THE TASK
Copy every line of the data below exactly as given, except for the pictures.

SUPPLIED INFORMATION
Segment Open

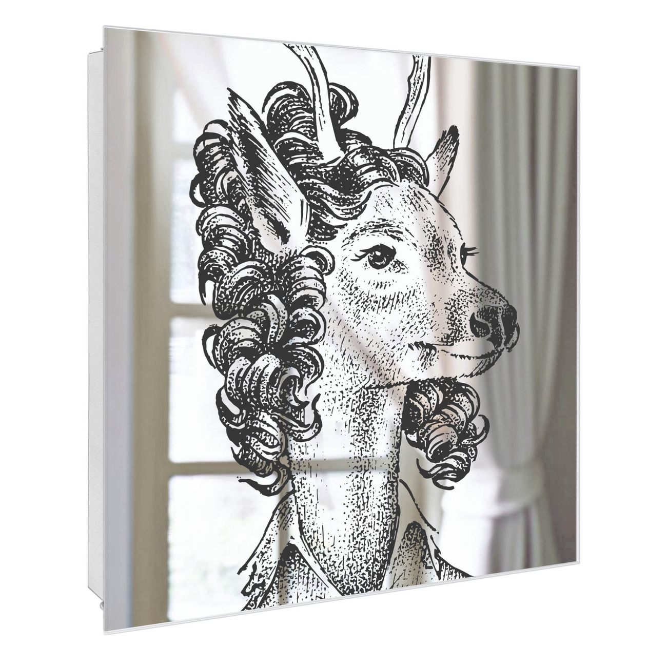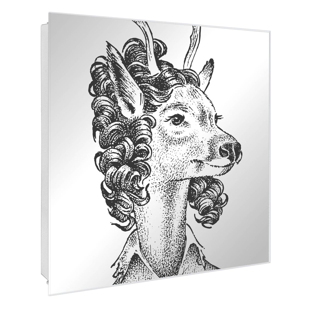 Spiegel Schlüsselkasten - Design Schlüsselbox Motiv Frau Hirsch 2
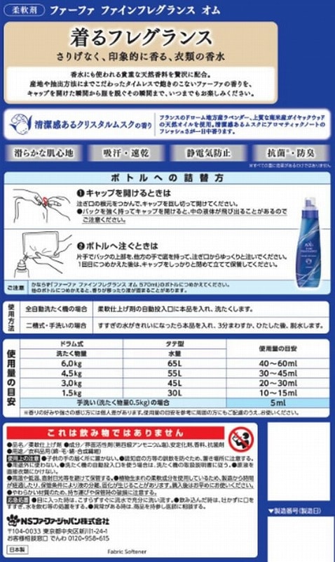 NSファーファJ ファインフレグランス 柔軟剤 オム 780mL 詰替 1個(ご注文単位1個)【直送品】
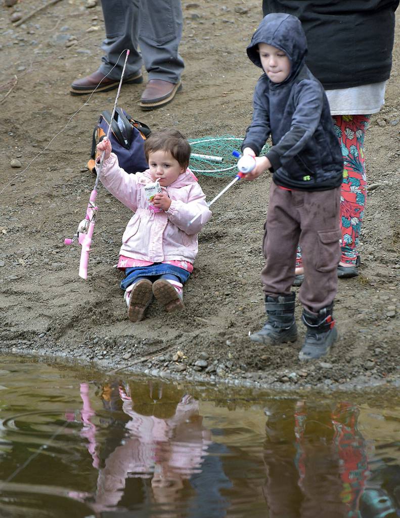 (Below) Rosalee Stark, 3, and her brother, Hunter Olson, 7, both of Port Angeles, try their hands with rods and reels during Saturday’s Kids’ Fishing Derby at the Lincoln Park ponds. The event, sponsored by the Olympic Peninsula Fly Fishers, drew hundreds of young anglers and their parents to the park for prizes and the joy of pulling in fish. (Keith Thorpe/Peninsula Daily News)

Segment Closed

RESPONSE AREA
 Spiegel Schlüsselkasten - Design Schlüsselbox Motiv Frau Hirsch 2
 NSファーファJ ファインフレグランス 柔軟剤 オム 780mL 詰替 1個(ご注文単位1個)【直送品】
 (Below) Rosalee Stark, 3, and her brother, Hunter Olson, 7, both of Port Angeles, try their hands with rods and reels during Saturday’s Kids’ Fishing Derby at the Lincoln Park ponds. The event, sponsored by the Olympic Peninsula Fly Fishers, drew hundreds of young anglers and their parents to the park for prizes and the joy of pulling in fish. (Keith Thorpe/Peninsula Daily News)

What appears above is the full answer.